Thiago Sus Sobral de Almeida

No atual cenário de imaginário punitivista, em que a moral substitui o Direito e em que os fins justificam os meios, é preciso esclarecer que não advogo em favor de uma "bandidolatria" ou de um "democídio", mas da conservação de direito e de garantia fundamentais positivados em documentos que regem o ordenamento jurídico brasileiro, inclusive em âmbito internacional.

terça-feira, 30 de janeiro de 2018

Atualizado em 29 de janeiro de 2018 08:27

No Brasil, a magistratura penal de primeiro grau vem impondo, via de regra, o recolhimento domiciliar no período noturno e nos feriados e finais de semana (medida cautelar diversa da prisão) aos acusados em geral, mesmo quando se apura crime sem violência, grave ameaça ou emprego de outro meio que torne impossível a resistência da vítima.

Refiro-me aqui - e é interessante deixar claro - às decisões judiciais que têm, com facilidade, desconsiderado a ausência de antecedentes criminais e de personalidade voltada para o crime e/ou o comportamento exemplar - imaculado e sem nódoa - do indivíduo (investigado ou processado pelo órgão acusatório) no seio da sociedade em que vive.

A acenada medida cautelar, que restringe a liberdade de locomoção do seu destinatário, está prevista no inciso V do artigo 319 do CPP1 e é recomendada por cautela quando, da análise da natureza do delito investigado e do próprio caso concreto, exsurge risco social ou de reiteração na prática delitiva averiguada ("periculum libertatis").

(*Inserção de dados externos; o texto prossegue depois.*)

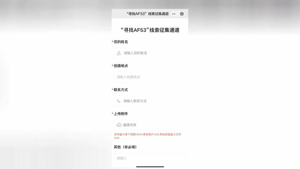 “寻找AF53”活动持续进行中,如果您有相关线索,可以通过闪电新闻客户端“寻找AF53”专区上传。

A Constituição da República assegura em seu artigo 5º, inciso XV, que: "é livre a locomoção no território nacional em tempo de paz, podendo qualquer pessoa, nos termos da lei, nele entrar, permanecer ou dele sair com seus bens", disponibilizando o "habeas corpus" sempre que houver violência ou coação a esse direito por ilegalidade ou abuso de poder (inciso LXVIII).

O Pacto de San José da Costa Rica2, em tema de proteção ao "status libertatis" do indivíduo, estabelece, em seu artigo 7º, n.º 2, que: "Ninguém pode ser privado de sua liberdade física, salvo pelas causas e nas condições previamente fixadas pelas Constituições políticas dos Estados-partes ou pelas leis de acordo com elas promulgadas".

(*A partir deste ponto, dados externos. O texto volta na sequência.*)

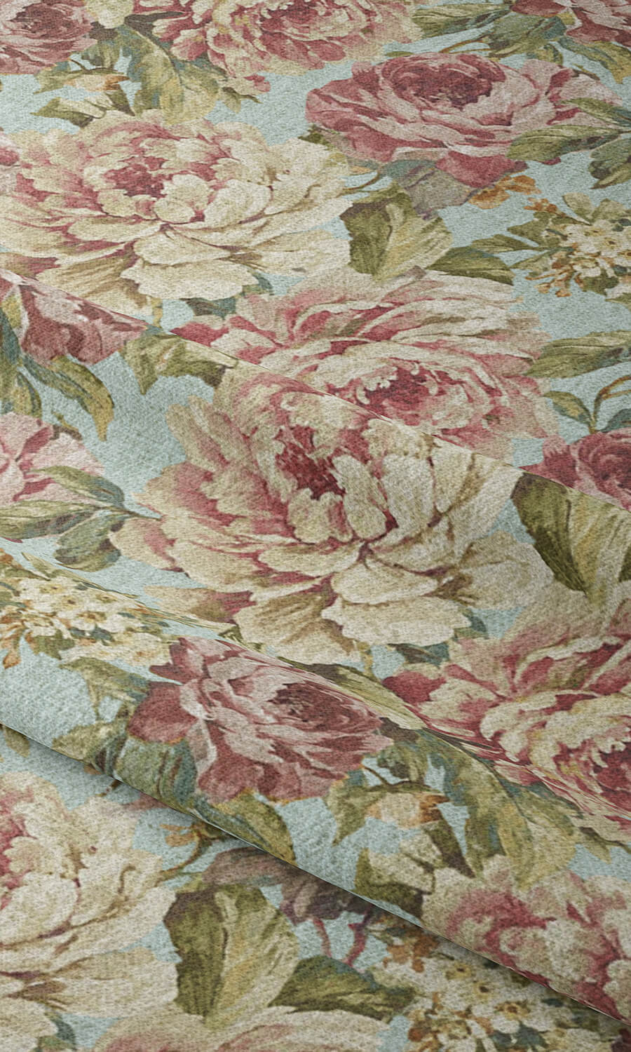 Invite the beauty of an English garden into your home with beautiful window treatments in this floral fabric. Blush roses set in a pale blue backdrop can transport the serenity of a flower-laden meadow to any interior decor that seeks to cherish the immaculate beauty of nature. In urban locales, where every window exposes the eye to a concrete jungle, this floral beauty offers a glad break. The grand scaling renders a modern touch to an otherwise traditional motif and enables it to blend with every style of interior design.

Já dizia Paulo Queiroz ("In" Direito penal. Introdução crítica. São Paulo: Saraiva, 2001. p. 17/18) que os valores abrigados pela "Lex Fundamentalis", tais como a liberdade, a segurança, o bem-estar social, a igualdade e a justiça, são de tal grandeza que o Direito Penal jamais lhes poderia virar as costas, pois são o norte do legislador na seleção dos bens tidos como fundamentais.

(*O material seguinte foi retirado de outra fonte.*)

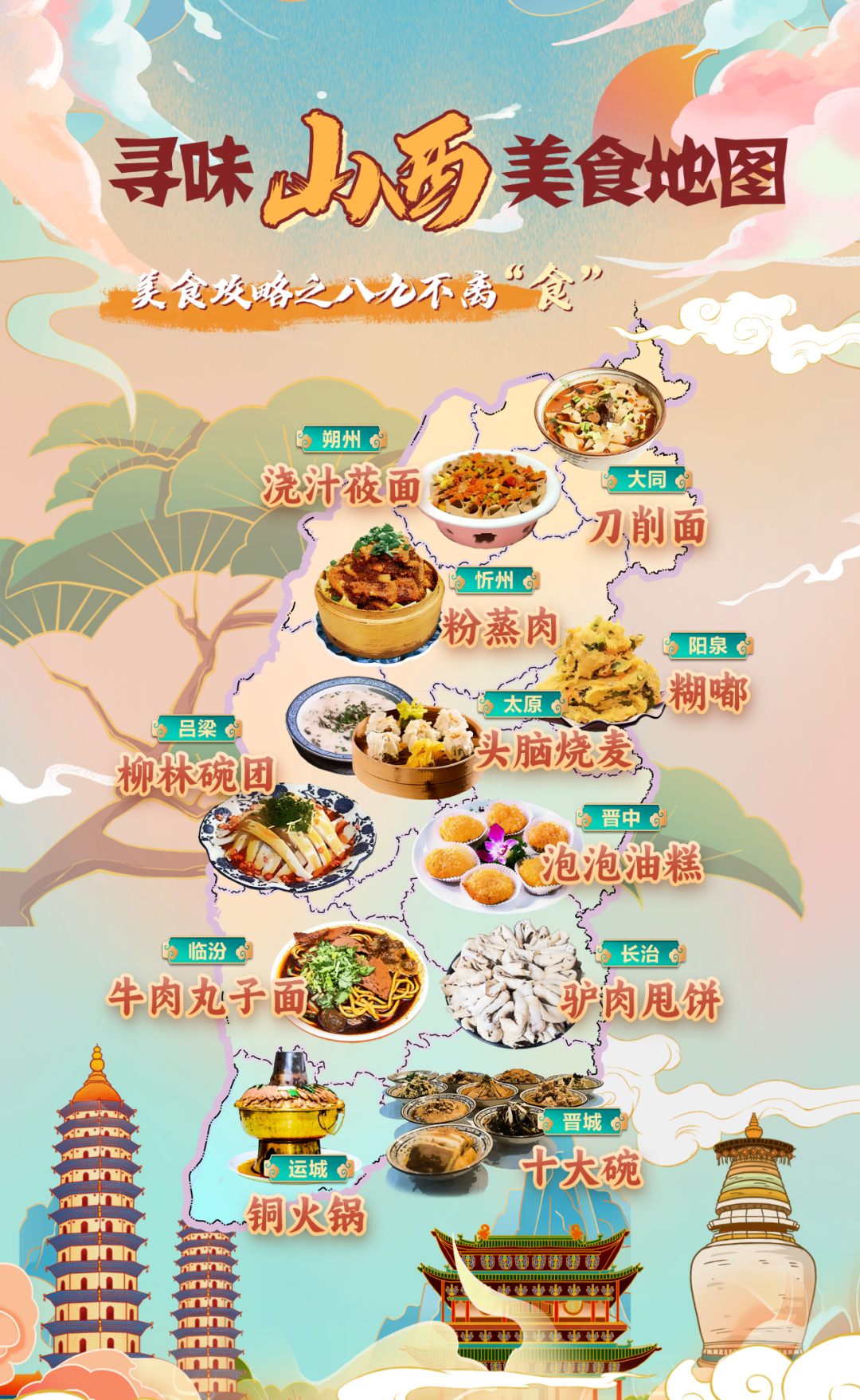 太原头脑:太原小吃“头脑”又名“八珍汤”,是由黄芪、煨面、莲菜、羊肉、长山药、黄酒、酒糟、羊尾油配制而成的一种粥状小吃。

O STJ tem exigido, para a aplicação das medidas cautelares diversas da prisão, fundamentação judicial específica que demonstre a real necessidade e a razoável adequação da medida em relação ao caso concreto (HC 399.099/SC, rel. ministro Nefi Cordeiro, Sexta Turma, julgado em 21/11/2017, DJe 01/12/2017).

Dão-nos igualmente exemplos disso: o RHC 87.591/MG, rel. ministro Nefi Cordeiro, Sexta Turma, julgado em 10/10/17, DJe 23/10/2017, o HC 352.843/PE, rel. ministro Ribeiro Dantas, Quinta Turma, julgado em 21/11/2017, DJe 27/11/17, e o HC 419.241/SP, rel. ministro Rogerio Schietti Cruz, Sexta Turma, julgado em 21/11/17, DJe 28/11/17.

É dizer, a imposição do recolhimento domiciliar noturno, assim como a de prisão preventiva, deve vir acompanhada de justificação peculiar, ante os riscos que com elas pretende o juiz evitar. Do contrário, darão lugar a um constrangimento ilegal ao exercício regular do direito fundamental à livre locomoção no território nacional em tempo de paz (CRFB, artigo 5º, inciso XV).

Só há a real necessidade de manter o recolhimento domiciliar noturno se nenhum outro meio menos gravoso se revelar igualmente eficaz na consecução dos objetivos pretendidos pela cólera criminal do Estado ou, ainda, se houver risco à ordem pública, econômica, à conveniência da instrução criminal, ou evidências de recorrência em conduta social de intensa repulsa3.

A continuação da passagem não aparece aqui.